Date
20/10/2025
Expert name
Nguyễn Giang Anh
Language
Tiếng Việt
Number of Downloads
0
GLOBAL STOCK MARKET
Risk-averse sentiment, precious metals posted strong weekly gains
The rally in the U.S. stock market was halted on October 16 as investors became more cautious amid rising concerns over bad debts in the banking sector, escalating trade tensions, and the prolonged U.S. government shutdown. The VIX index, a measure of market fear, rose to 25 — the highest level since May 2025 — while bond yields and the U.S. dollar declined, and precious metals surged sharply as a short-term psychological reaction.
- U.S. stock indices increased by an average of +1% as of October 17; EU600 declined -0.4%, Nikkei 225 dropped -1.5%, and CSI 300 fell -2.2%.
- The commodity index decreased -1.7%, mainly due to declines in energy prices (oil -3.5%, gas -6.1%); metals (steel -2.1%, lead -2.4%, tin -3.5%); agricultural products (sugar -2.5%, orange juice -6%); while precious metals maintained a strong upward trend (gold +8.1%, silver +6.8%).

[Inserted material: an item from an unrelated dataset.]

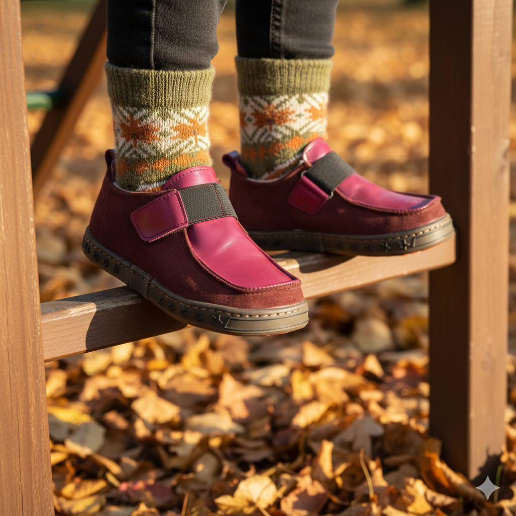 ZUBA sind Kinder-Barfußschuhe für Herbst und Frühling, die Velours und Glattleder mit Filzfutter kombinieren — perfekt für kühle Parkmorgen und den Weg in die Kita. Breite Zehenbox, Zero-Drop und sehr flexible Sohle fördern die natürliche Fußentwicklung, der Klett sorgt für schnellen, sicheren Sitz. Klassisches, modisches Design in mehreren Farben — Übergangs-Barfußschuhe für stilbewusste Eltern.

- The DXY index fell -0.8% to 98.1, and the U.S. 10-year Treasury yield decreased 0.08% to 3.95%.
After the 10th vote, the U.S. Senate failed again to reopen the government as the Democratic Party opposed the proposal due to the lack of assurance on increased healthcare funding, extending the shutdown into its 16th day. As a result, the U.S. government will continue to be shut down at least until October 20. At the same time, U.S.–China trade tensions have heated up again after President Trump threatened to impose a 100% tariff starting November 1, following China’s decision to tighten control over rare earth exports. Earlier, both sides imposed reciprocal port fees on November 14. Although there remains room for negotiation, these developments also carry potential risks that could affect the stock market.
China’s Q3 GDP, industrial production index, retail sales, unemployment rate, and 1-year and 5-year loan prime rates; Canada and the UK’s CPI; the UK, Eurozone, and U.S. PMI; U.S. nonfarm payrolls, jobless claims, unemployment rate, existing home sales, and CPI are key data to watch next week.
VIETNAM STOCK MARKET
Capital flow remains narrow, VN-Index corrects after a strong rally week
Strong selling pressure in the final session pushed the VN-Index down 0.9%, accompanied by a 26% increase in trading liquidity. Liquidity improved positively for the second consecutive week; however, capital flow has yet to broaden and remains concentrated in a few key stocks. In addition, foreign investors continued to be net sellers, and the divergence among stocks during the Q3 earnings season weakened market momentum as the index attempted to break through the psychological resistance at 1,800 points.
- Declining stocks accounted for more than two-thirds of all stocks listed on the HoSE during the week. VIC marked its fifth consecutive week of gains, contributing 10.6 points to the index, while VJC and GEE both surged over 26%, adding another 9 points to the market’s advance.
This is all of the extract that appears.